• PROBLEM DESCRIPTION:
Print only the lines below, from the very first to the one containing "The first main", exactly as they stand. Do not print pictures.

• DATA SEGMENT:
%%
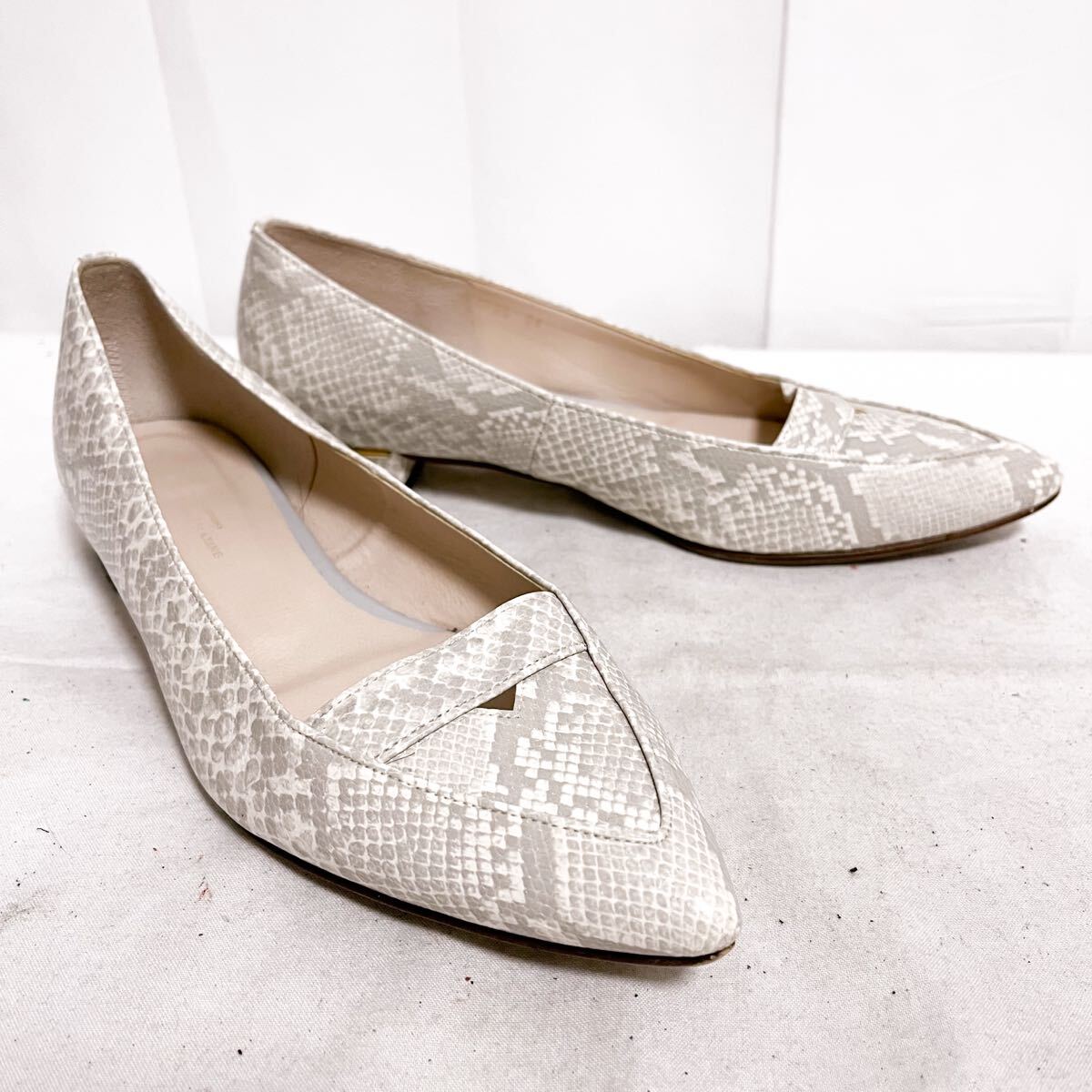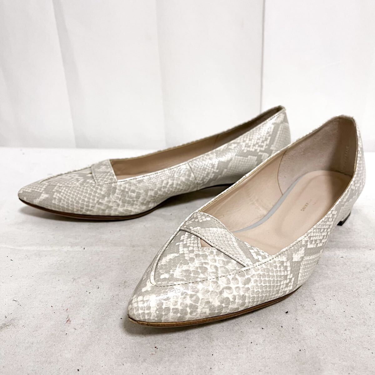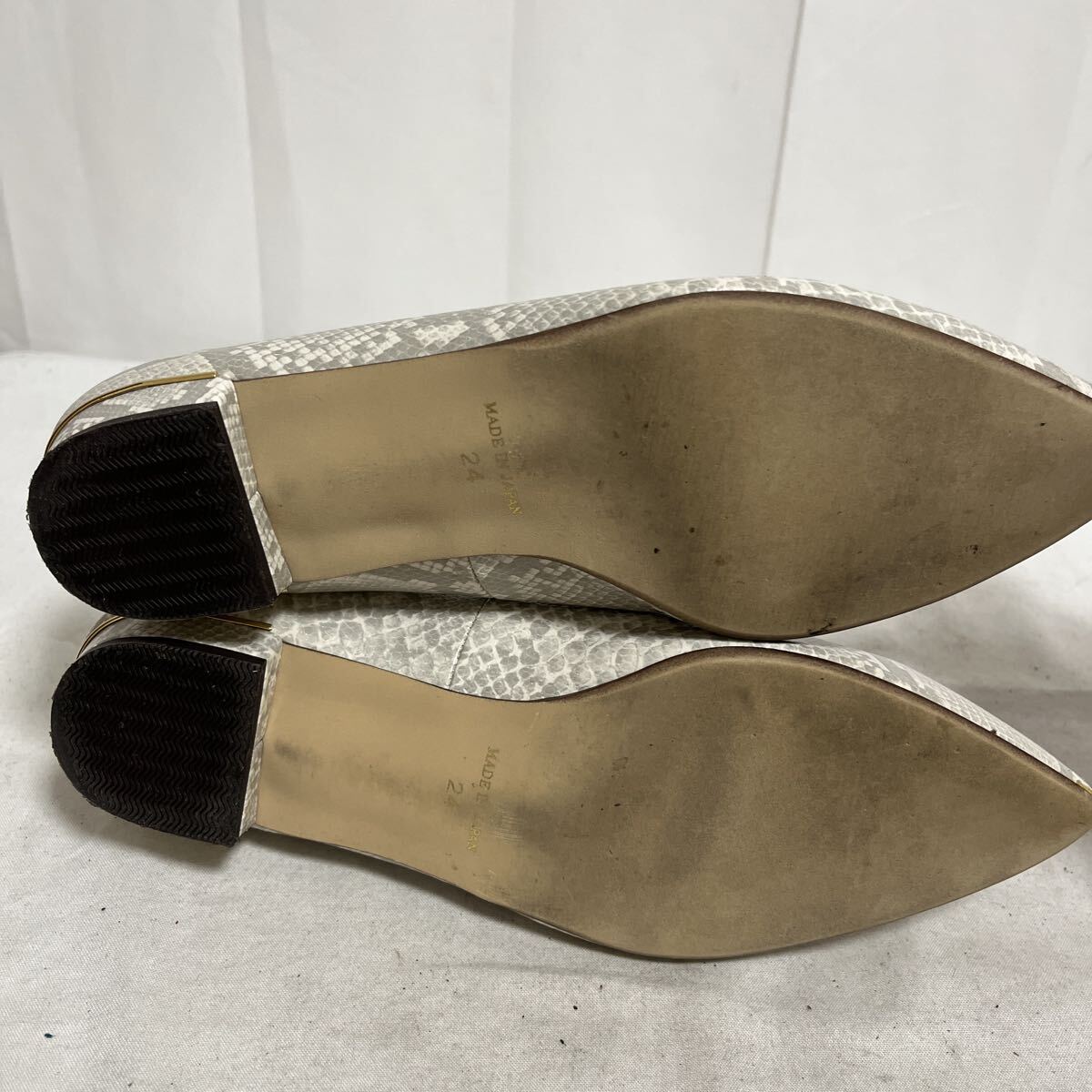 和812★ GREEN LABEL RELAXING グリーンレーベルリラクシング パンプス パイソンプリント 日本製 24 ホワイト グレー レディース
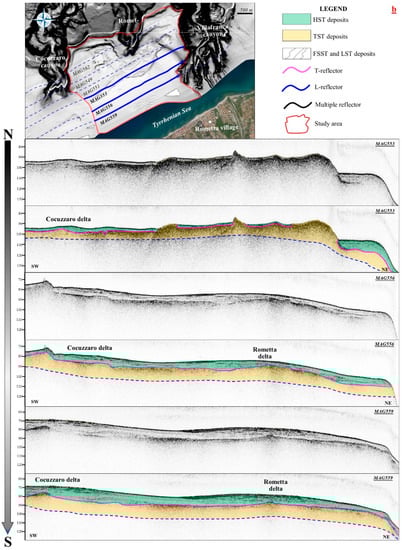 The first main reflector (named here L-reflector) is laterally continuous and has an erosional character and is the top of the lowstand succession and the base of the transgressive wedge. The L-reflector is well-imaged, especially in the northern portion of the study area (MAG562 and MAG549; Figure 3a). Conversely, in the central portion and moving towards the coastline, the L-reflector and the underlying deposits are rarely imaged due to the coverage of coarse deposits of the TST succession that do not allow for the penetration of the acoustic signal.
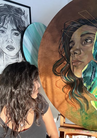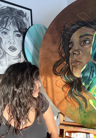 SoGo a grandi à Québec et fait maintenant sa vie au Lac St-Jean. Elle a immigré au Québec à l'âge de 8 ans, ce qui lui a donné la chance de grandir entre deux cultures : la culture colombienne et la culture québécoise. Ce contexte a certainement nourri sa fascination pour la complexité humaine, car dès son jeune âge, elle s'est dédiée aux portraits avec l'objectif de véhiculer une émotion. Les arts visuels ont toujours fait partie de sa vie : elle passait son temps à dessiner, peindre et sculpter. À travers la peinture et le dessin, SoGo a complété deux certificats universitaires (psychologie et sexologie), suivis de sa formation en psychoéducation (baccalauréat et maîtrise).
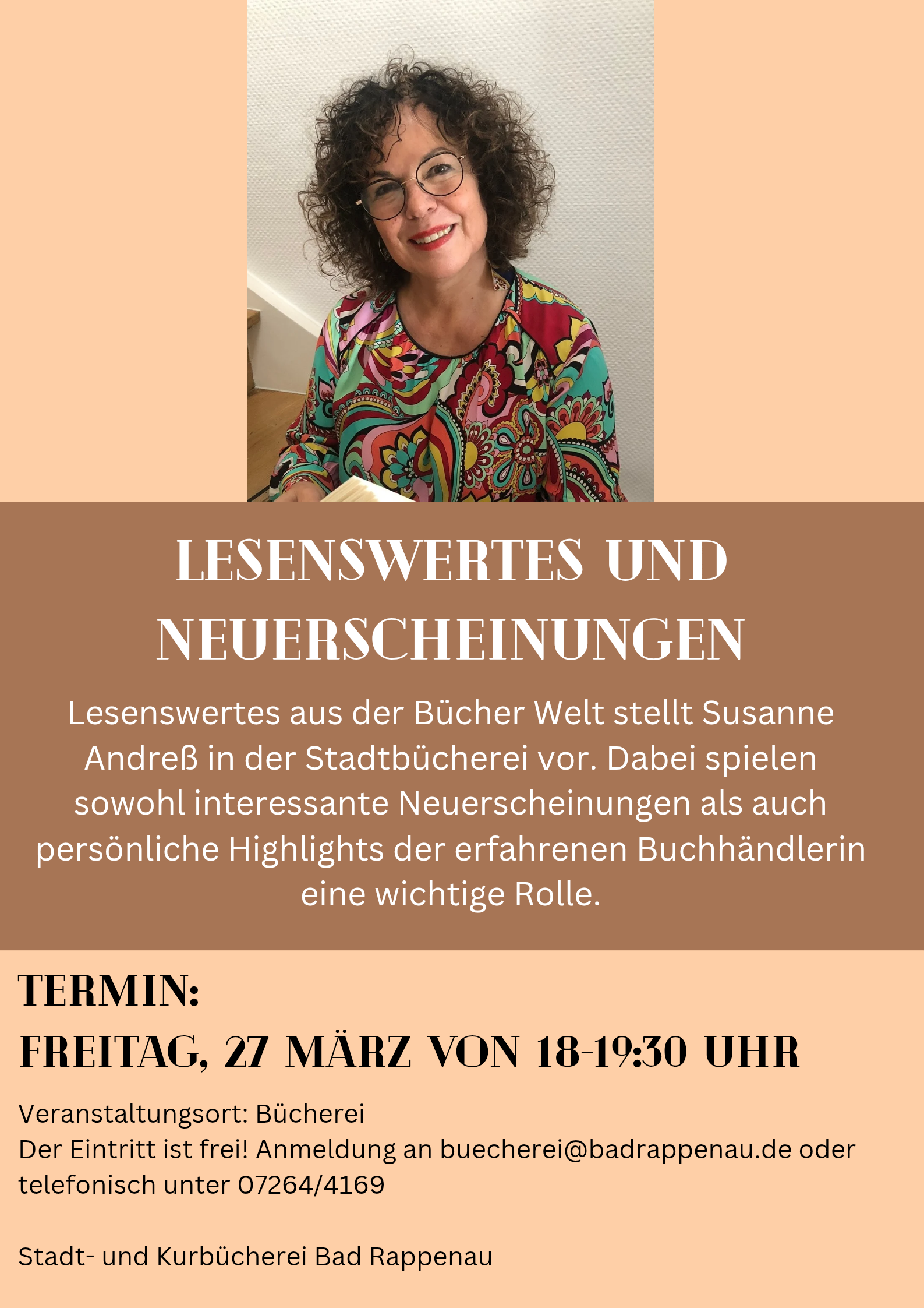 Der Eintritt ist frei! Wir bitten um Anmeldung per Mail an buecherei@badrappenau.de oder telefonisch unter 07264/4169.
%%
• YOUR RESPONSE:
 和812★ GREEN LABEL RELAXING グリーンレーベルリラクシング パンプス パイソンプリント 日本製 24 ホワイト グレー レディース
 The first main reflector (named here L-reflector) is laterally continuous and has an erosional character and is the top of the lowstand succession and the base of the transgressive wedge. The L-reflector is well-imaged, especially in the northern portion of the study area (MAG562 and MAG549; Figure 3a). Conversely, in the central portion and moving towards the coastline, the L-reflector and the underlying deposits are rarely imaged due to the coverage of coarse deposits of the TST succession that do not allow for the penetration of the acoustic signal.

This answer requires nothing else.